INSTITUTO DE QUIMICA, FISICA DE LOS MATERIALES, MEDIOAMBIENTE Y ENERGIA
Unidad Ejecutora - UE
congresos y reuniones científicas
Membrane Potential Control of Electron Shuttle and Peroxidase Activity of Heme Proteins in Biomimetic Systems
MURGIDA, D. H.
Congreso; 3rd Latin American Protein Society Meeting; 2010
Electron transfer (ET) chains involved in photosynthesis and aerobic respiration take place at the level of biological membranes where protein complexes exert their function under the influence of strong electric fields. Here we report a study on the influence of these fields on the structure and ET dynamics of different heme soluble proteins (cyt-c; cyt-b562, cyt-c6, iso-cyt-c) that act as electron shuttles in photosynthetic and respiratory chains of different organisms. The proteins are immobilized on nanostructured Ag electrodes coated with biomimetic films that are designed depending on the surface properties of each redox protein.1,2 Structure, ET kinetics and protein dynamics are studied simultaneously by using two-colors time-resolved surface-enhanced resonance Raman (TR-SERR) spectroelectrochemistry.2 The atomistic interpretation of the experiments is guided by molecular dynamics (MD) simulations and electron pathways calculations of the biomimetic complexes. This powerful combination of theoretical and experimental methods provides a detailed and consistent picture of the interfacial ET mechanisms.3 In each case it is concluded that the overall ET rates are determined by an interplay of protein dynamics and tunneling probabilities at the different conformations along the dynamics. In turn, protein dynamics is strongly modulated by the interfacial electric field, as demonstrated by TR-SERR experiments and MD simulations performed under different conditions.
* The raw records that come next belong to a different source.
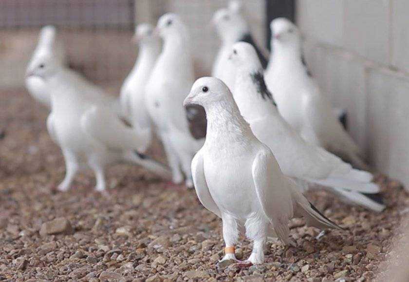 Оперение у них белого цвета. Строение тела пропорциональное, конечности длинные и крепкие. Хорошие способности имеют немецкие птицы. У них укороченный клюв, маленькая голова, длинная шея и высокие конечности. Одним из старейших видов почтарей являются английские. Они хорошо держат дистанцию, прекрасно ориентируются в пространстве. Отличительная особенность особей – кожные выросты на клюве.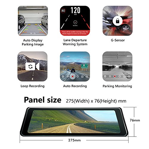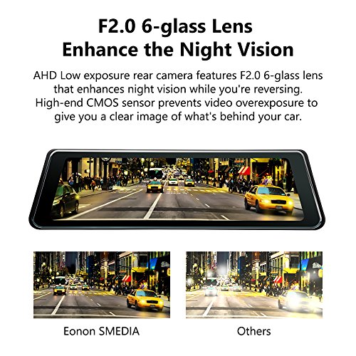 Display full touch media streaming: eonon r0011 specchio Dash Cam con un cristallo 25,1 cm Full View Touch Screen assicura immagini senza alcun ritardo. Display molto immagini nitide e liscia come come un ruscello l' ottimo WDR e regolazione automatica luminosità media streaming a specchio. Mai un' incredibile esperienza utente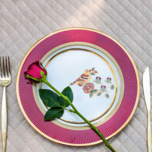 Perfectly complementing the dinner plate, the Kannauj Quarter Plate carries the same graceful sparrow motif and gold detailing. Its compact size makes it ideal for starters, salads, side servings, or even decadent desserts. While it pairs beautifully with the dinner plate for a coordinated dining set, it also shines on its own for lighter, casual meals. Each piece reflects skilled craftsmanship and timeless design, adding a sense of refinement to any occasion.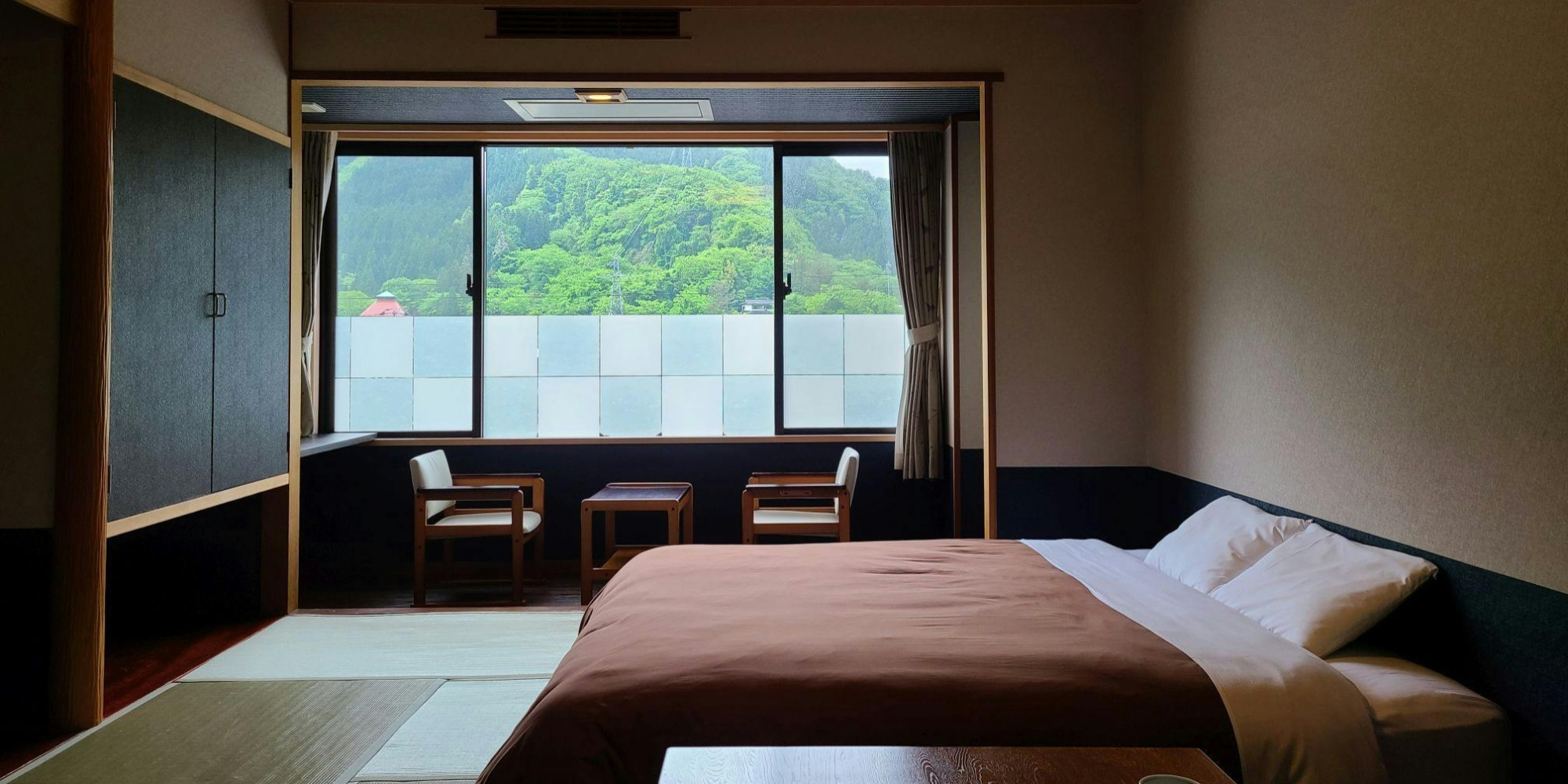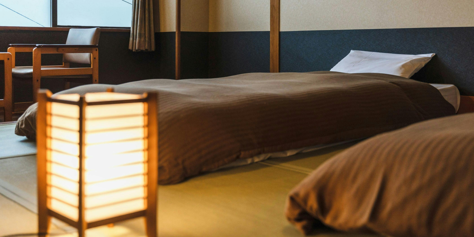 3-4階の和風客室にキングサイズのベッド1台でお休みいただけるお部屋です。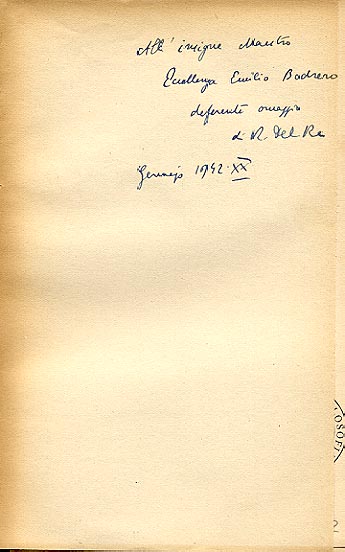 Dedica manoscritta del traduttore: All'insigne Maestro / Eccellenza Emilio Bodrero / deferente omaggio / di R. Del Re / Gennaio 1942.XX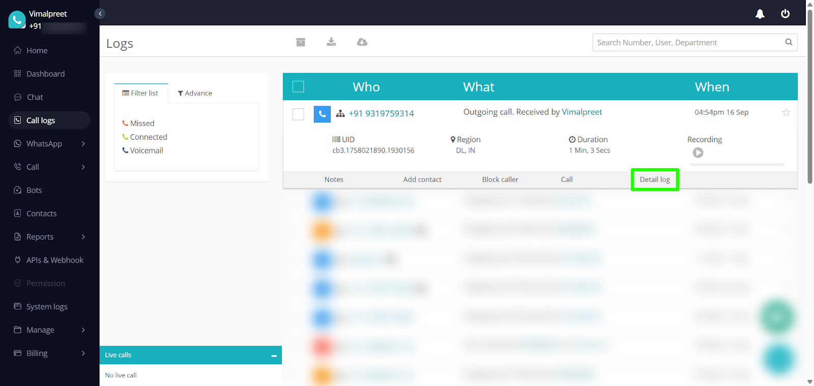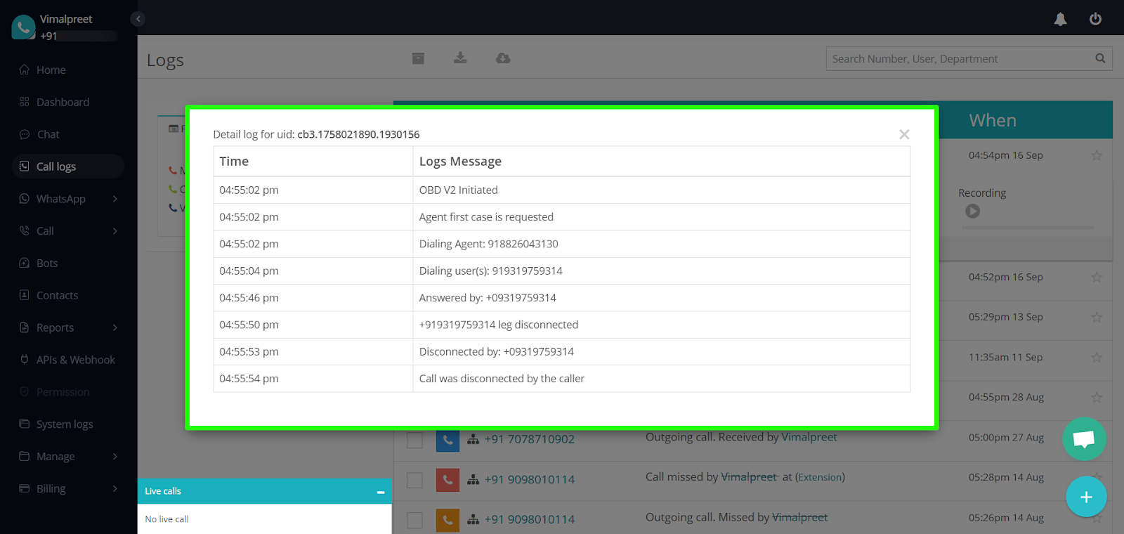 If Unclear: Share the Call UID and the detail log screenshot with your Account Manager or support@myoperator.co for technical review.
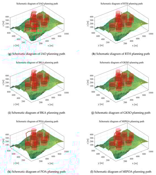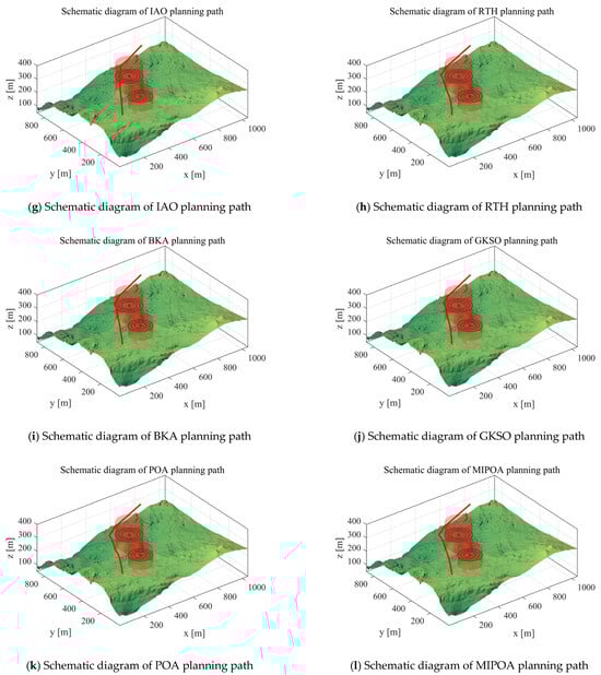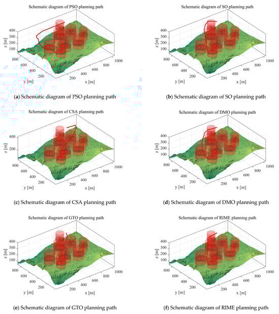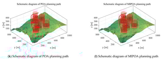 As can be seen from Figure 4, the MIPOA demonstrates outstanding convergence advantages: First, it exhibits a rapid convergence rate during the early stages of iteration, with the average fitness value decaying quickly. Second, it converges stably to a low fitness level in the later stages of iteration, reflecting strong optimization accuracy and convergence stability. In contrast, algorithms such as PSO, SO, and CSA exhibit slower convergence speeds on certain functions and converge to relatively high final fitness values, resulting in comparatively inferior convergence performance. It is worth noting that for simple functions, most existing algorithms exhibit excellent performance, finding the optimal solution in a relatively small number of iterations. Therefore, MIPOA’s performance improvement on simple functions is limited. However, for complex functions, existing algorithms often struggle to find the global optimum. This is where MIPOA’s advantage becomes apparent, as it effectively escapes local optima to achieve the global optimum. More importantly, the three-dimensional UAV path planning problem addressed in this paper is a complex problem, making the performance improvement of MIPOA on complex functions even more significant.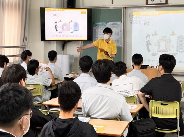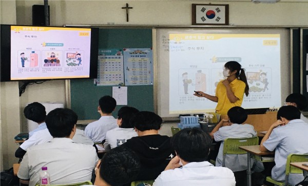 금융의 의미와 금융 생활에 관련된 소비, 소득, 저축과 투자, 부채와 신용에 대한 키워드를 설명하고 학생들의 금융 이해력을 점검했습니다. 그리고 저축에 대해 설명하면서 라이프사이클에 따른 소득, 지출의 불균형을 완화하기 위해 저축이 필요함을 상기시켰습니다. 그리고 투자에 대해 설명하고 대표적인 예시로 주식투자에 대해 보충 학습했습니다. 마지막으로 보험, 연금, 보이스 피싱의 위험성에 대해 설명해주며 이론 수업을 마무리하였습니다.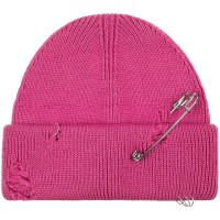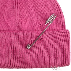 Однослойная шапка бини с рваным отворотом и металлическими аксессуарами для дерзких образов в любом возрасте. Яркий и запоминающийся акцент в стиле гранж. Поставляется в пакете с липким краем.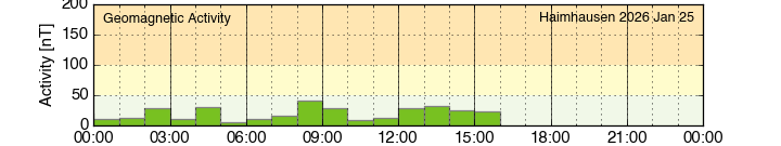 up to 1500 nT can occur. Depending on the disturbance level, the magnetogram uses different scales identified by the background color
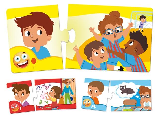 Descopera impreuna cu cei mici lumea emotiilor intr-un mod captivant si educativ cu ajutorul acestui set de puzzle-uri distractive! Conceput special pentru a stimula imaginatia si intelegerea emotiilor, acest joc ofera o modalitate interactiva de invatare si dezvoltare pentru copiii tai.

It is also shown that sufficiently strong electric fields are able to induce reversible and irreversible structural changes of the ferric proteins in the complexes, which produce a dramatic down-shift of the reduction potentials ann gain of peroxidase function pesumably involved in the early steps of apoptosis. For the natural partner protein of most cytochromes, i.e. the CuA center of cyt-c oxidase, local and global electrostatics are also shown to be crucial in modulating reduction potentials, reorganization energies and crucial structural features. Based on these results it is hypothesized that transmembrane potentials play a regulatory role in respiration and photosynthesis via a feedback inhibition mechanism.